OpenAI has introduced a new technique for website administrators to prohibit the company’s Web crawler from extracting information.
The company that created ChatGPT included instructions for disabling its Web crawler in its online documentation. Monday members of the AI community discovered the addition, but there was no official announcement.
In order to prevent GPTBot from scanning a site, it must be added to the robots.txt file alongside the site’s restricted areas. Crawlers such as Googlebot are prevented from accessing the entirety or a portion of a domain using the same method.
Additionally, the corporation validated the IP address block used by the crawler. Instead of using robots.txt, an administrator could simply block these addresses.
GPTBot’s method requires users to opt out of monitoring, necessitating proactive measures on the part of website administrators.
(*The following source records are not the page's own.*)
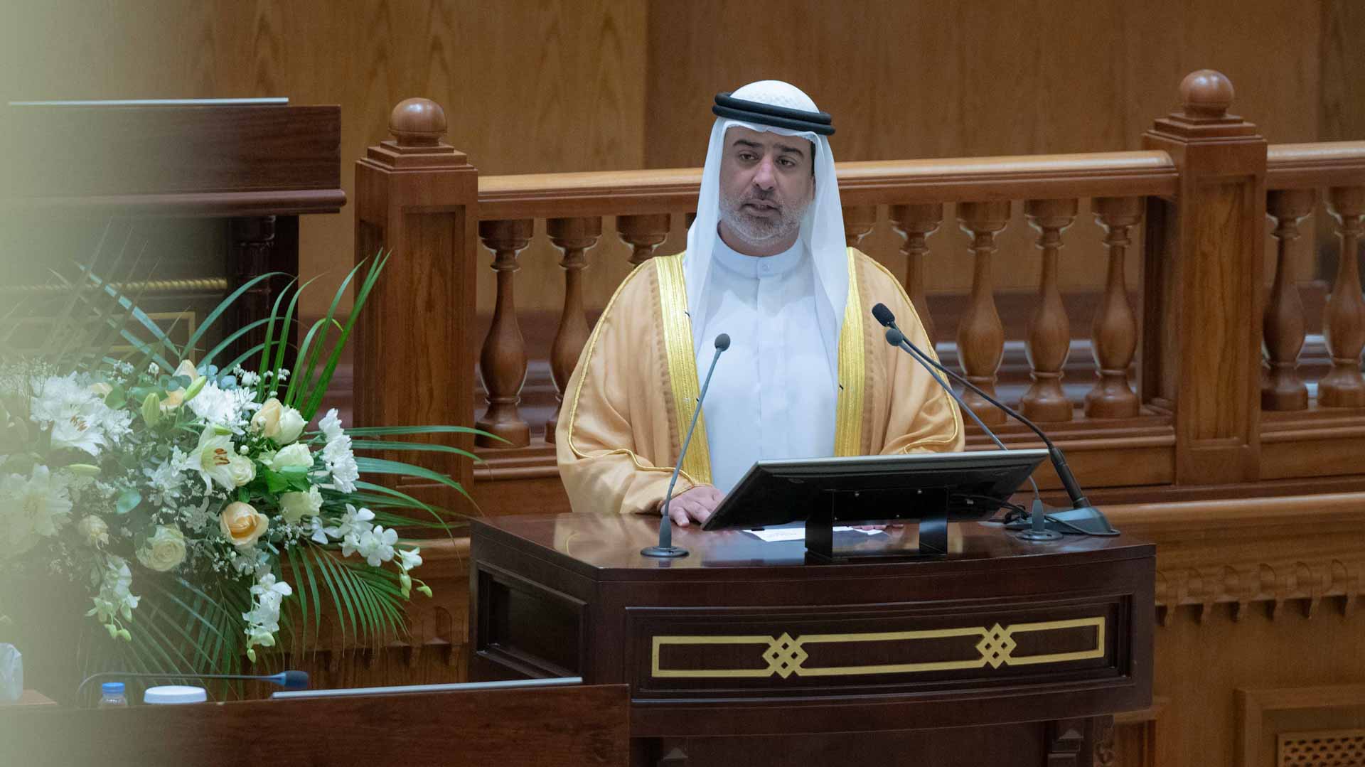 وأضاف معاليه" :إن لافتتاح سموكم الكريم لأعمال دور الانعقاد العادي الأول من الفصل التشريعي الحادي عشر يعكس التفاعل الوطني الكبير والثقة التي يمنحها المواطنون والمواطنات لهذا الصرح البرلماني، وإن هذه الثقة والتفاني يعتبران محفزين قويين للمجلس للاستمرار في تحقيق التقدم وخدمة الوطن".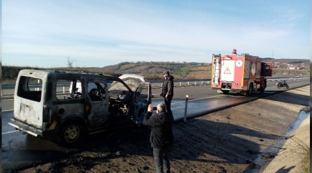 Tekirdağ'ın Malkara ilçesinde seyir halindeki hafif ticari araçta yangın çıktı. Araçta bulunan 2 kişi atlayarak kurtulurken, yanan araç hurda yığınına döndü
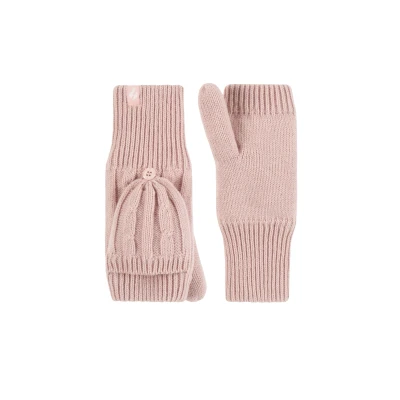 Women's 1 Pair SOCKSHOP Heat Holders Ash Cable Knit Converter Mittens Dusky Pink One Size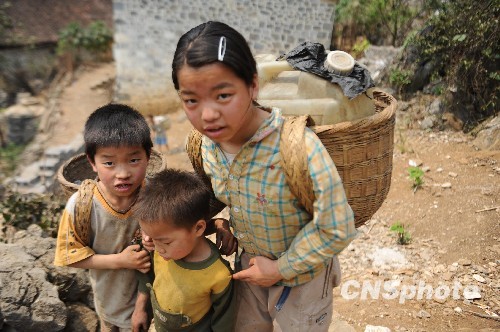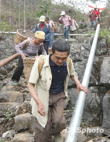 長壽之鄉巴馬大旱 6歲孩子背20斤水翻高山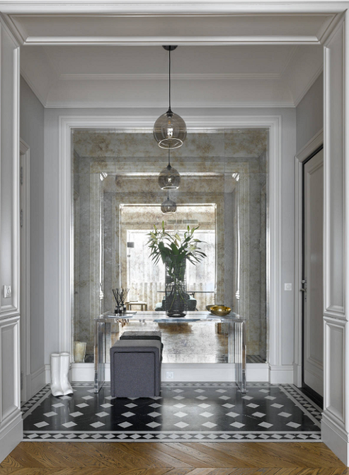 В основном, прихожая — это темная и чаще всего небольшая по площади зона в квартире. Отсутствие окон и специфическая форма помещения требуют особой изобретательности при планировании искусственного света. Сюда же добавляется необходимость организовать систему хранения и место с зеркалом, где можно привести себя в порядок и оценить свой вид перед выходом из дома.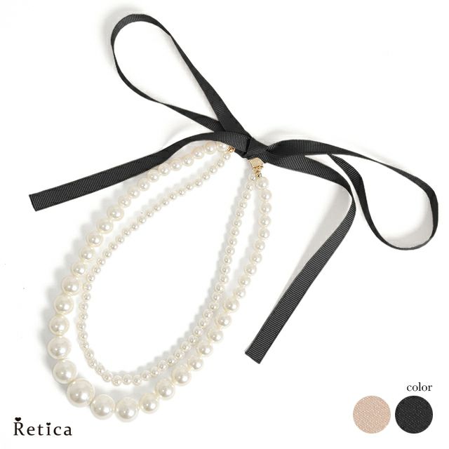 3. パール2連リボンネックレス(ホワイトパール×ベージュ/ホワイトパール×ブラック)

Unless an administrator specifically adds GPTBot to a site’s robots.txt file to halt the crawler, data may be used in future models.
Some people have quoted that OpenAI’s action may enable the company to lobby for anti-scraping legislation or defend itself against future actions.
However, it is doubtful that already collected data would be exempt from legislative scrutiny. GPT-4, for instance, was introduced in March 2023 utilizing data already included in training sets.
OpenAI has trained its models with additional datasets, including Common Crawl. The crawler program used to generate the data, CCBot, can also be blocked via robots.txt code. However, GPTBot is a dedicated crawler for the organization.
In addition to being able to block the crawler, the detection of the GPTBot has other conceivable applications. Following the identification of the crawler, a single suggestion has provided OpenAI with various responses. OpenAI’s stated goal for the crawler is for its AI models to become more precise and possess enhanced capabilities and safety.
What is a crawler and why is it necessary for OpenAI?
A Web crawler is a bot that traverses the World Wide Web methodically, accumulating data along the way.
This information is used by search engines like Google to construct an index for query purposes. Other applications include the archiving of Web pages. The robots.txt file is used to instruct crawler algorithms to index only specific web pages or nothing at all. If a crawler is omitted from this file, information accessible to the public will be collected.
Large language models, such as OpenAI’s, require training datasets in order to respond accurately to user queries. Web crawlers are the optimal way to generate these datasets. For instance, the Common Crawl program aims to provide a copy of the Internet for research and analysis.